Ineeda-CarThe Wedding Rehearsal from Hell

                   The Continuing Adventures of Ineeda Willingbottom
                                         By G. Jak Klinikowski
                                             
    “Listen-up Miss VaVoom,” growled Ineeda.  “You may be a hot commodity on the club circuit, but here at the Cha Cha Palace, I’m in charge and don’t you forget it.  Hortence and I will play the brides in tonight’s Grand Finale and if you don’t like it, you can get the hell out!”

    Jesus!  Ineeda hated it when the chorus got uppity.  She had little patience for stuck-up, fake-tittied transsexuals trying to horn in on her authority.  Putting on a benefit for same-sex marriage was hard enough without having to deal with mutiny in the ranks and, Veronica VaVoom, with her 38 double-D’s, was the absolute worst.

    Ineeda was a Drag Queen and professional entertainer.  It was all about the illusion for her.  At the end of the day, when the bedroom door was closed, and the lights went out, she was still a man.  Veronica, on the other hand, was stuck somewhere in between, just another obnoxious chick with a dick.

    “The nerve of that transy-hooker,” said Hortence, as she walked up to Ineeda.  “I ought to kick her silicone injected butt back out on the street where it belongs.  I’ll knock her ass so high, that it’ll look like she has new cheek implants.” Hortence giggled at her own play on words.

    “Thanks, girlfriend,” said Ineeda.  “That’s mighty sweet of you, but you just get the girls ready for one more run-thru.  I’ll take care of Miss Veronica VaVoom.”

    Since early in the morning, when rehearsal began, Veronica had done her damndest to disrupt the proceedings.  Conniving to steal the lead in the show’s closing production number was the last straw.  It was now the middle of the afternoon and Ineeda was ready to tear Veronica a new one.

    “Terry.” yelled Ineeda to her cowboy in the balcony manning the spotlight.  “Please shut that thing off and go grab us a couple of cold waters.  I’m parched.  I need to have a private word with Veronica.” Ineeda returned her attention to the stage.

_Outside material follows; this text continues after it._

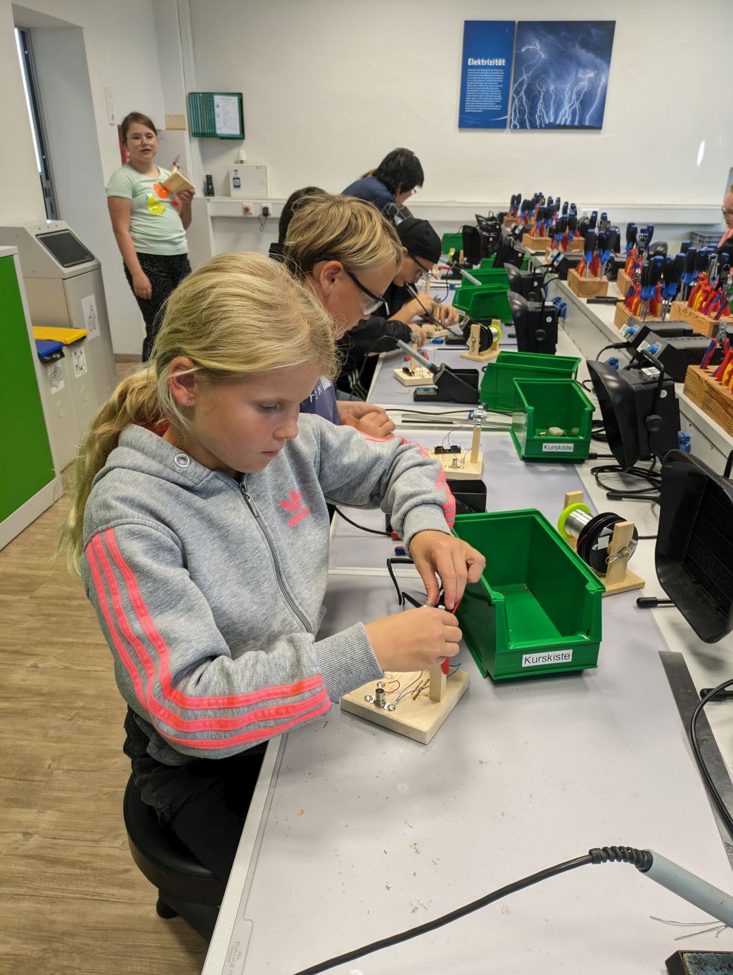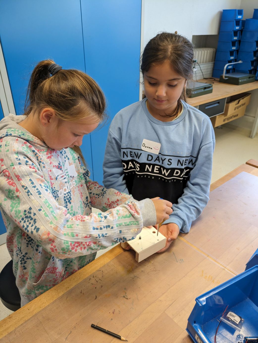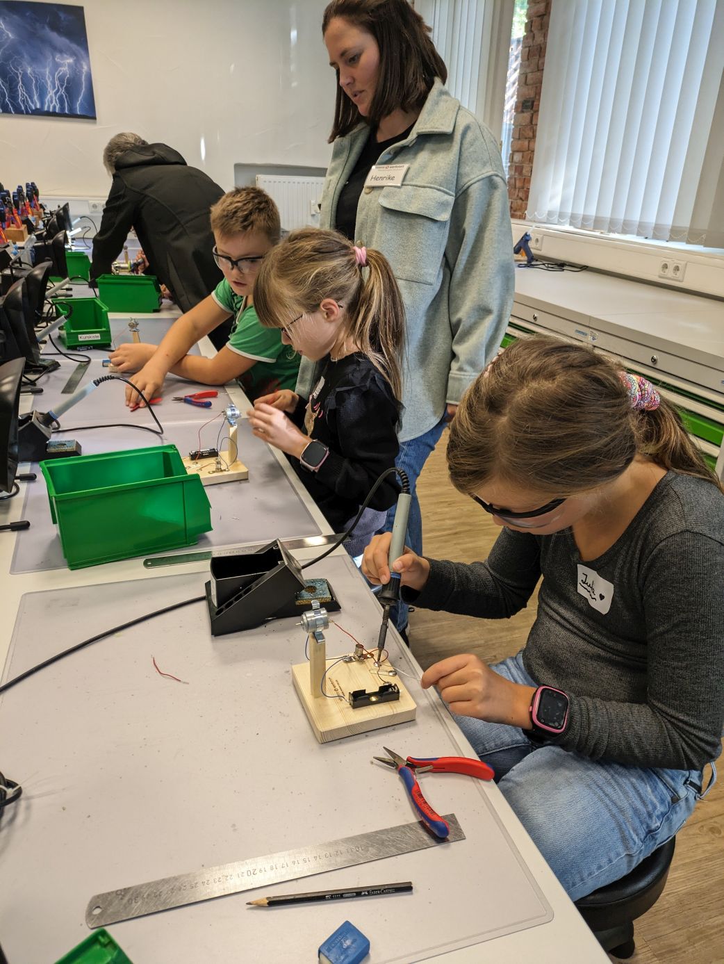 Einen produktiven Tag verbrachte die Klasse 4b in der Wissenswerkstatt Diepholz. Während eine Gruppe einen eigenen Ventilator baute, stelle die andere einen elektrischen Würfel her. Die Kinder mussten selbst bohren, schrauben und löten - alles natürlich unter der fachlichen Anleitung und Aufsicht der Mitarbeiter*innen der Wissenswerkstatt. Dem eigentlichen Bauen vorausgegangen war eine kurze Einheit zum Thema Strom. Was brauche ich, um eine Lampe zum Leuchten zu bringen? Die Kinder fanden es ganz praktisch heraus und waren danach bestens für die Arbeit an ihren Werkstücken gerüstet.
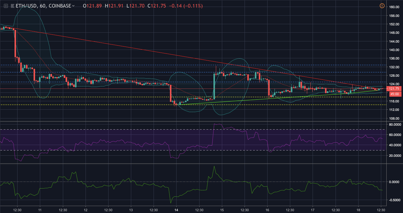 In the one-hour chart, the cryptocurrency demonstrates a downtrend from $150.73 to $122.53 and from $122.53 to $121.84. The uptrend for the coin was recorded from $114.35 to $119.57 and from $119.57 to $121.11. The immediate resistance for the coin is placed at $124.93 and the strong resistance is found at $129.49. On the contrary, the immediate support has found its ground at $117.92 and the strong support is at $114.31.

    “Take ten, everybody.  Miss VaVoom, will you please join me in the quiet bar for a little chat?” The six-foot seven Amazon followed Ineeda to the front of the club.  Ineeda pushed open the door to the glass-enclosed, soundproofed bar allowing Veronica to enter first.

    “If you give me any more crap, Veronica, I’ll…” Ineeda abruptly stopped, her mouth hanging wide-open.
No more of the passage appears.